The disclosed microtraining techniques improve accuracy of trained neural networks by performing iterative refinement at low learning rates using a relatively short series microtraining steps. A neural network training framework receives the trained neural network along with a second training dataset and set of hyperparameters. The neural network training framework produces a microtrained neural network by adjusting one or more weights of the trained neural network using a lower learning rate to facilitate incremental accuracy improvements without substantially altering the computational structure of the trained neural network.
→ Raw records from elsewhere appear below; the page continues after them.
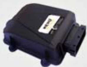
1. Κεντρική μονάδα
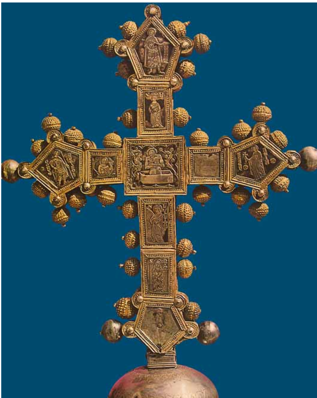
4. Ophodni križ iz Samostana sv. Frane u Zadru – revers

Processional cross from the monastery of St. Francis in Zadar – reverse
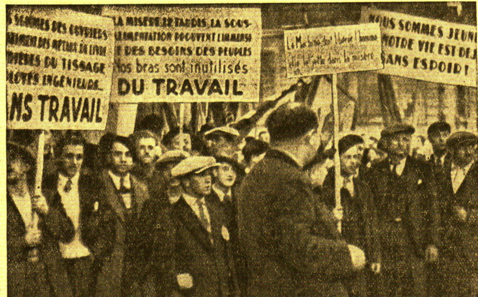
Die Jugend der Länder klagt an...

Der bisherige Indien-Minister des Kabinetts Macdonald, Sir Samuel Hoare, wurde Außenminister in der neuen Regierung Baldwins.
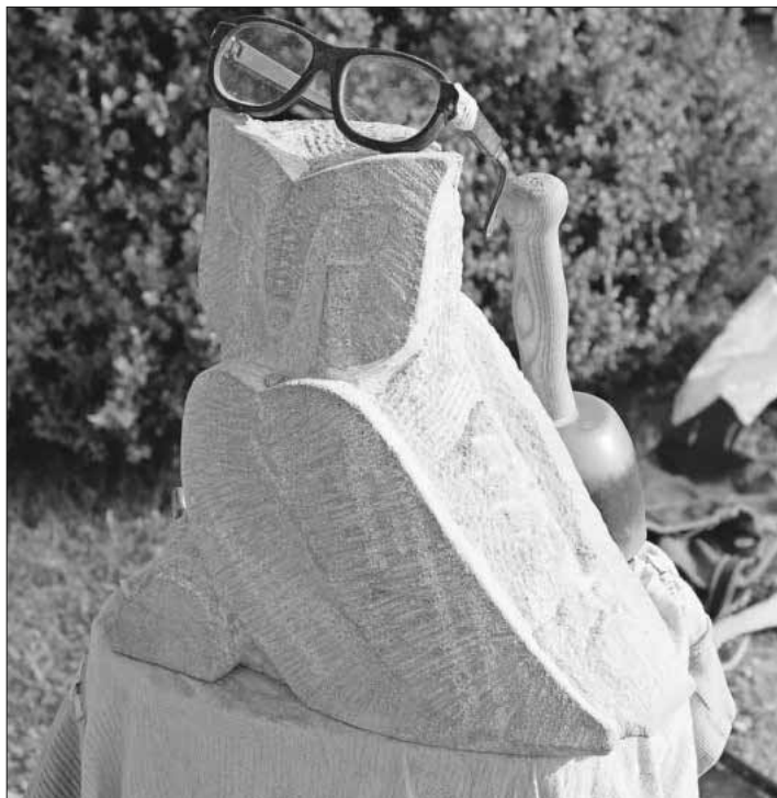
Werk aus dem letzten Jahr.

Die Anmeldung zum Kurs sowie Fragen per E-Mail an: g.u.bv.heimbach@gmail.com oder Tel. 07641 / 47102.
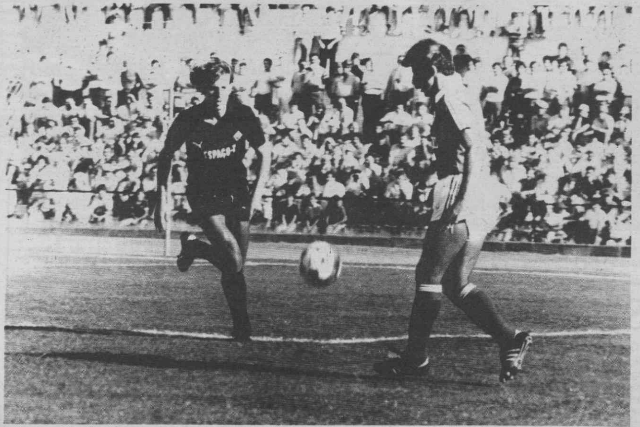
Dois jogadores em disputa do esférico. O lance viria a pertencer ao academista.

Estádio Municipal «José Bento Pessoa», na Figueira da Foz.
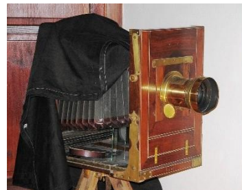
Cámara de fuelle (1840-1850)
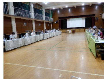
山口刑務所における意見交換会の様子
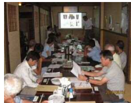
（佐土原地区：かぼちゃ）
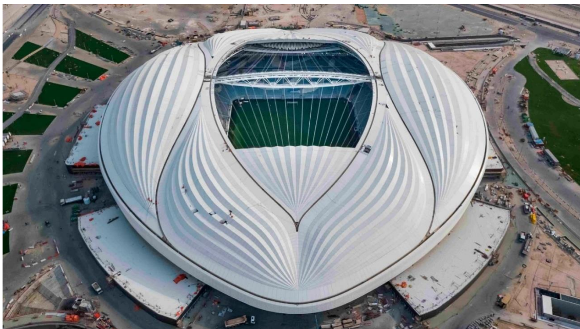
Slika 8. Stadion Al Janoub.

Na Slici 8. prikazan je poznat krov Stadiona Al Janoub, kojeg je projektirala iračko-britanska arhitektica Zaha Hadid. Iako je krov htio prikazati pomorsku povijest mjesta, njegov nezgrapan dizajn postao je popularan na internetu, koji je krov uspoređivao s izgledom ženskih genitalija. Stadion je bio jedan od posljednjih projekata Hadid prije njene smrti 2016. godine.
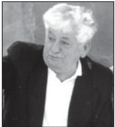
ამონარიდი ნივთიდან: არა მითი, არა მშვიდობით, - მესამე გზა!
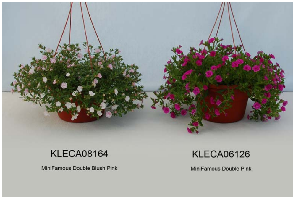
Calibrachoa: 'KLECA08164' (gauche) avec la variété de référence 'KLECA06126' (droite)
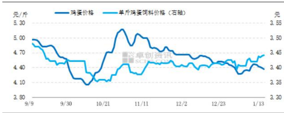
图8 鸡蛋价格与单斤鸡蛋饲料成本走势图
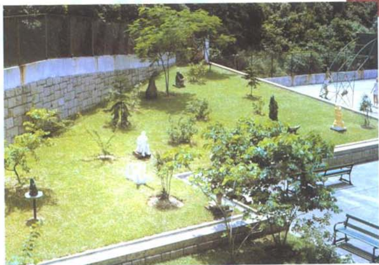
一九六八年雕塑展的部份展品

歲月滄桑，反而給人活潑開朗，熱愛生命的感覺。這些特點，也許源於他積極樂觀的性格，對未來充滿希望和憧憬。他在過去數十年在美術教育界的貢獻，是同行有目共睹的事實。唯望在未來的日子裏，他能堅持這份孜孜不倦的精神，使他的藝術生命得以在創作中延續。■
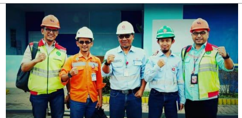
Kunjungan ke PPA Site BIB dalam rangka seleksi pengawas dan rencana program leadership change management dari GEMS / (Sinarmas Mining) 2019
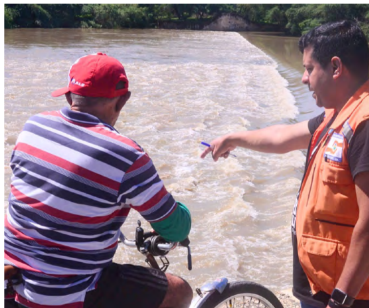
Defesa Civil de Mossoró orienta população sobre riscos

“Estamos discutindo a possibilidade de ampliar essas áreas e poderemos tornar esses alertas cada vez mais assertivos. Além disso, a Defesa Civil já vem solicitando há pouco mais de um ano que os municípios, através das suas coordenadorias municipais, identifiquem áreas de risco em seus territórios que possam
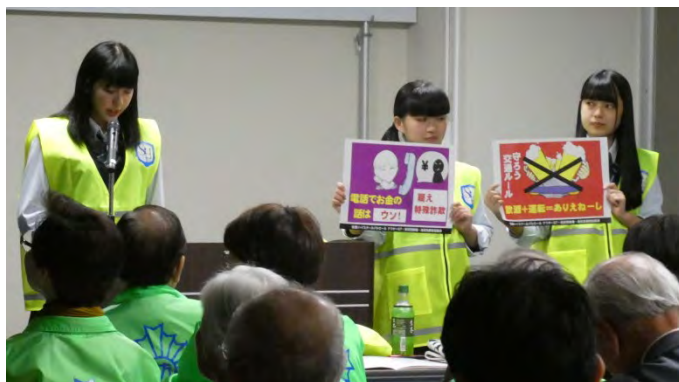
Shima High School Patrol～アフターG7～発足と、イメージマーク

お揃いのベストは防犯協会の方が用意してくれ、マークは地元のデザイナーさんが、高校生のアクティブさ、楯の下にあるイカリはチームの信頼と安定、真ん中にある灯台は犯罪を未然に防ぐために周囲を照らす光、「H」の上にある丸型は真珠をイメージし、「Shima High School Patrol ～アフターG7～」によって守られるべき「志摩」を象徴するものとしてデザインしてくれました。
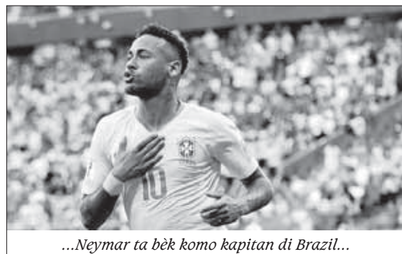
...Neymar ta bèk komo kapitan di Brazil...

Neymar a risibí basta crítica pa su aktuashon na Rusia pa motibu ku e tabata parse di ta eksagerá tur kos. Despues di e torneo e futbolista no kier a papia tokante di esaki. Awor e ta kere ku komo kapitan e ta haña e oportunidat pa kaba ku e krítikanan aki.

The microtrained neural network may be assessed for changes in accuracy and/or quality. Additional microtraining sessions may be performed on the microtrained neural network to further improve accuracy or quality.
机译:所公开的微岭技术通过使用相对短的系列微调步骤以低学习速率执行迭代细化来提高培训的神经网络的精度。 神经网络训练框架接收训练有素的神经网络以及第二次训练数据集和一组超参数。 神经网络训练框架通过使用较低的学习速率调整训练的神经网络的一个或多个重量来产生微型神经网络,以便于增量精度改进而不基本改变训练的神经网络的计算结构。 可以评估微rγ的神经网络以进行准确性和/或质量的变化。 可以在微型神经网络上执行额外的微曝光会话,以进一步提高精度或质量。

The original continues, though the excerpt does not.